An AlphaGo for Natural Language?
By Minh Le
In October 2015, AlphaGo played its first winning games against a professional Go player. After the Nature article was published and the $1 million bet against Lee Sedol was proposed, Go players around the world have studied the matches extensively to speculate about the coming matches. The consensus was a win for Lee Sedol. As Myungwan Kim, 9-dan professional and the only human in the world to have a winning record again Lee Sedol, the machine’s play was too soft, tends to follow patterns and it didn’t show an understanding for abstract concepts and delayed consequences. He went on to remark “what a lucky guy Lee Sedol is” and to play against AlphaGo is “kind of easy money”. What happened next is history.
It should be noted that it is not the first time AlphaGo demonstrated such a impressive learning capability. While Fan Hui, the player who lost 0-5 to AlphaGo in October, was 34 and has played professionally since the age of 15, AlphaGo only started learning the game last year. The reason it improve so fast is a technique called reinforcement learning.
In reinforcement learning, a machine played against itself (or an older version of itself) millions of games. After each game, the result (win/lose) is treated as a reinforcement signal that it will use to tweak its parameters. The sequences of actions that led to victory are favoured and will become more likely in the future. Combine with a technique called deep learning which helps it recognize abstract patterns on the board much like human intuition, the learning of AlphaGo is not too different from a human player. Except it is a million times faster.
It shouldn’t come as a surprise that machines behave similarly to human in certain aspects. Deep learning for image recognition borrows the architecture of visual pathways in the brain and reinforcement learning sprouted from research in animal cognition. Computer scientists extract useful design principles from decades of neuroscience research to put into computer. Accompanied by rigorous mathematical analysis and vast computing power, machines can outperform humans in many tasks.
What is the last defence line of humans against machines? Natural language seems to be a natural answer. Language is one of the unique traits of human, what makes us who we are. Language carries along not only knowledge accumulated throughout thousands years of civilization but also culture, values, morals.
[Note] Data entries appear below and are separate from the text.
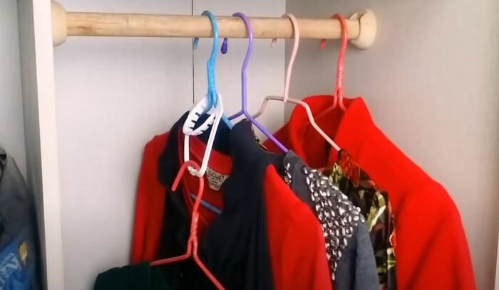 В какой-то момент в шкафу может перестать хватать места на вешалке. Расширить потенциал гардероба можно за счет повешения одной вешалки на другую. Делать это можно и без специальных приспособлений. Но куда лучше сцеплять две вешалки через пластиковое кольцо ручки 5-литровой бутылки.
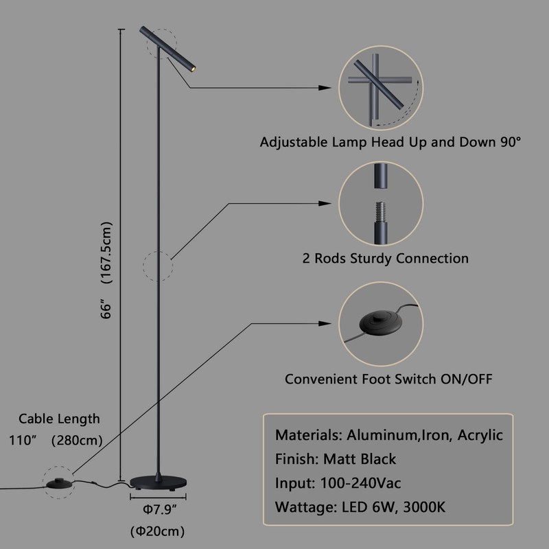 ilucezzo Floor Lamps for Living Room, 66" Modern Floor Lamp LED Standing lamp with Foot Switch 6W Warm Light Tall Lamp for Bedroom, Office, Study Room, Home, Lamp Head Adjustable
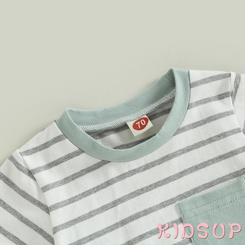 Giới thiệu Set Áo Thun Ngắn Tay Kẻ Sọc + Quần Short Lưng Thun Cho Bé Trai 1 Tuổi
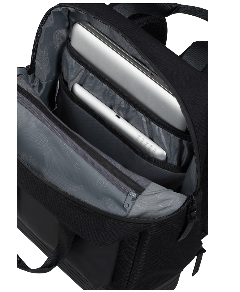Zaino in tessuto antipioggia e realizzato con 15 bottiglie riciclate post consumo, è perfetto per l'università, il lavoro ed il tempo libero (entra perfettamente nelle dimensioni standard di bagaglio a mano). Schienale imbottito ed ergonomico, spallacci regolabili, chiuso da cerniere. Internamente suddiviso con scomparto per pc da 15" e tablet.
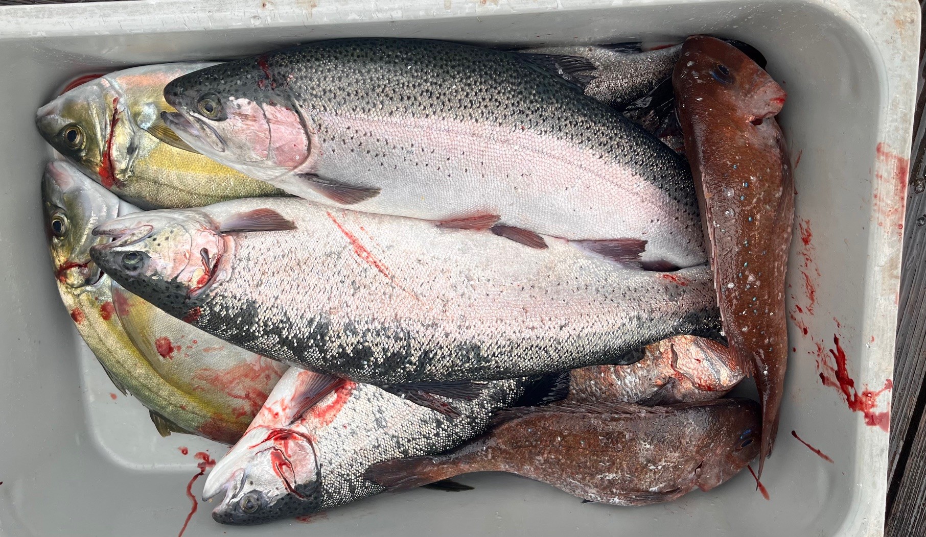 ☆只今の放流魚 →タイ・ジャンボブリ・ハマチ・ブリ・レモンサーモン
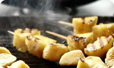 הכנה במטבח הביתי: צולים את שיפודי הפירות על פלנצ'ה לוהטת או אופים בתנור שחומם מראש ל- 220 מעלות כ-10 דקות.

Researchers have long hypothesized that natural language is AI-complete, i.e. one can only solve it by creating a human-level generally intelligent machine.
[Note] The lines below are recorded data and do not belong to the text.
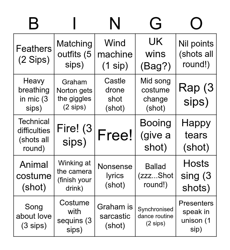 This bingo card has a free space and 43 words: Key change (1 sip), Presenters speak in unison (1 sip), Song about food (3 sips), Song about love (3 sips), Singing out of tune (shots all round), Synchronised dance routine (2 sips), Wind machine (1 sip), contestant plays an instrument (1 sip), Nil points (shots all round!), Costume with sequins (3 sips), UK wins (Bag?), Booing (give a shot), Nonsense lyrics (shot), Winking at the camera (finish your drink), Fake rain (shot), Graham is sarcastic (shot), Pleather outfit (finish your drink), Technical difficulties (shots all round), Presenter outfit change (shot), Rap (3 sips), Matching outfits (5 sips), Flag face paint (5 sips), Awkward time delay (5 sips), Feathers (2 Sips), Lasers (2 sips), Happy tears (shot), "Thank you Europe" (1 sip), Solo act (5 sips), Ballad (zzz...Shot round!), Animal costume (shot), Bad fake tan (3 shot), Hosts sing (3 shots), traditional outfit (5 sips), Fire! (3 sips), Eurovision app promotion (3 sips), Air grab by performer (3 sips), Light up costume (shot), Castle drone shot (shot), Heavy breathing in mic (3 sips), Mid song costume change (shot), Ridiculous contestant name (shots all round), Graham Norton gets the giggles (2 sips) and Hug (5 sips).
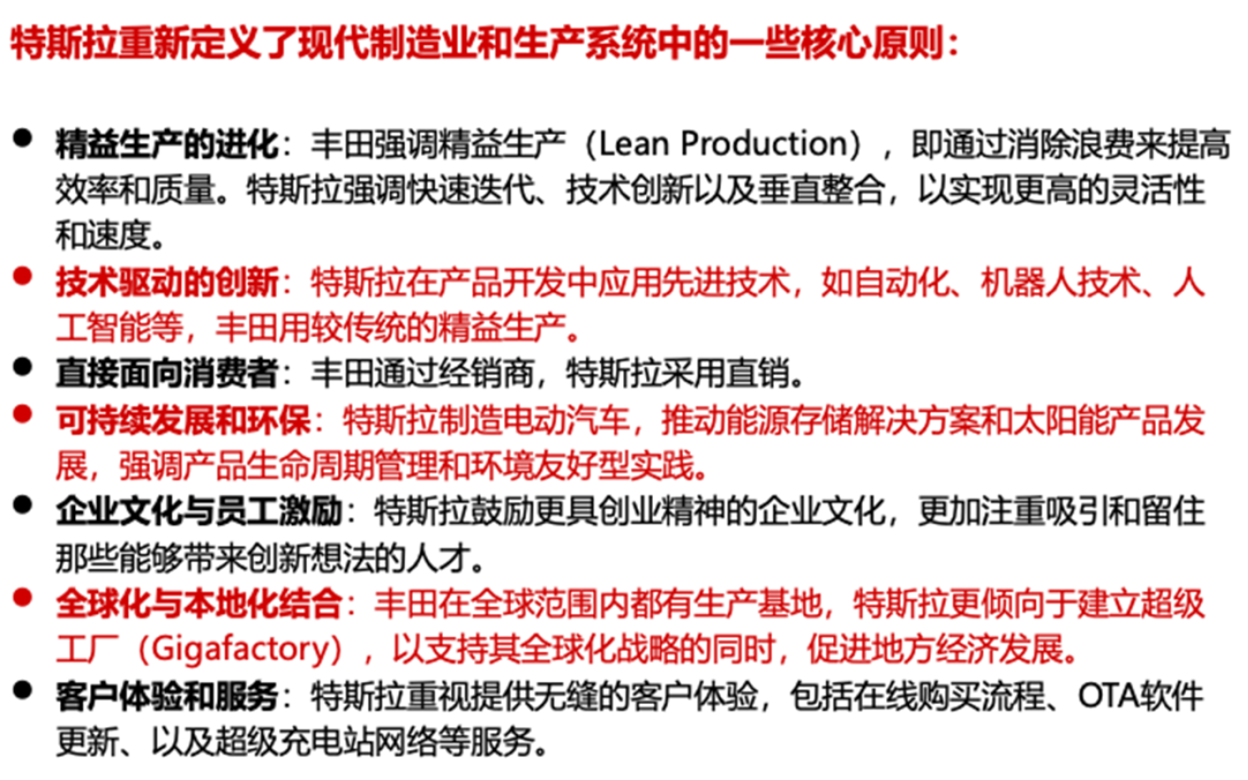 我因为去过丰田,跟丰田的副总裁有过深入的沟通,知道这个提要总结的好与不好。当我们认为它总结的很好的时候,我却认为落后,没跟上时代,没看到什么是特斯拉主义。汽车工业时代的这一页早翻过去了。现在车的价值在于自动辅助驾驶系统,在特斯拉新建的20万张GPU卡的算力中心,当特斯拉通过收集汽车行驶的数据,并用模型跑通自动辅助驾驶系统的时候,在FSD操控下,人们可以把车全放出去,让它自己开。因此,将来的车不会在停车场,它要么是充电中,要么是跑在路上。基于此,整个城市、房地产、停车场会进行重大的重构。那么,以此逻辑为基础,特斯拉能不能做出来10万亿美元的市值?值得我们关注。我认为,这才是真正的特斯拉主义。所以,只研究那辆车,那是“特斯拉汽车主义”,不是生态化的、面向未来的特斯拉主义。
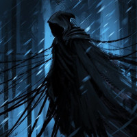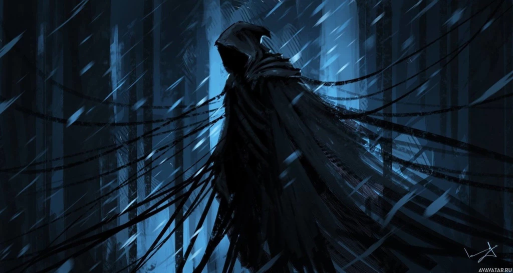 dark attire, possibly armor, with a hood covering the head. They are standing amidst what looks like stormy weather, given the rain-soaked environment and

But no matter how great it is, natural language is the product of the complex but limited machinery in our brains and there is no reason computers can’t do it better. A fetus encounters language the first time in early months but language competence develops slowly through the years and only reach maturity in 15-20s. A machine can compress this process to one year or several months using reinforcement learning as AlphaGo has demonstrated. It would talk to itself as a way to improve its own knowledge (as we do when we work out a math proof) or talk to another version of itself to communicate ideas.
One day, we might talk to computers naturally or hear them talking to each other, not unlike in “Her”.
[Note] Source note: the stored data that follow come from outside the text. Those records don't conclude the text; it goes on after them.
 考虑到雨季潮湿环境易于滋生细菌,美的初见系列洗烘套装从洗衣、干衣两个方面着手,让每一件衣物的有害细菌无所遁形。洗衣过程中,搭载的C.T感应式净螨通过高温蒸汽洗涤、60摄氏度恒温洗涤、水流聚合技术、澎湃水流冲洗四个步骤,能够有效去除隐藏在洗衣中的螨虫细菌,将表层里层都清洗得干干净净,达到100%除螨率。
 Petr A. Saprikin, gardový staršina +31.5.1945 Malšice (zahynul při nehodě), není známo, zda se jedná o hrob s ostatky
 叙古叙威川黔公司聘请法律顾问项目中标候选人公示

Minh Ngoc Lê is a young researcher in Natural Language Processing. He has devoted most of his research time on working towards a NLP system that can capture the nuance of human language and extract human intelligence from text.
Starting from 2014, Le is part of Spinoza project “Understanding language by machines”, subproject ULM-4 “A quantum model of text understanding”. He focuses on alternative architectures of NLP systems which would allow two-way interaction between modules and integration of world knowledge into NLP. To train interdependent modules, he also works on reinforcement learning for NLP.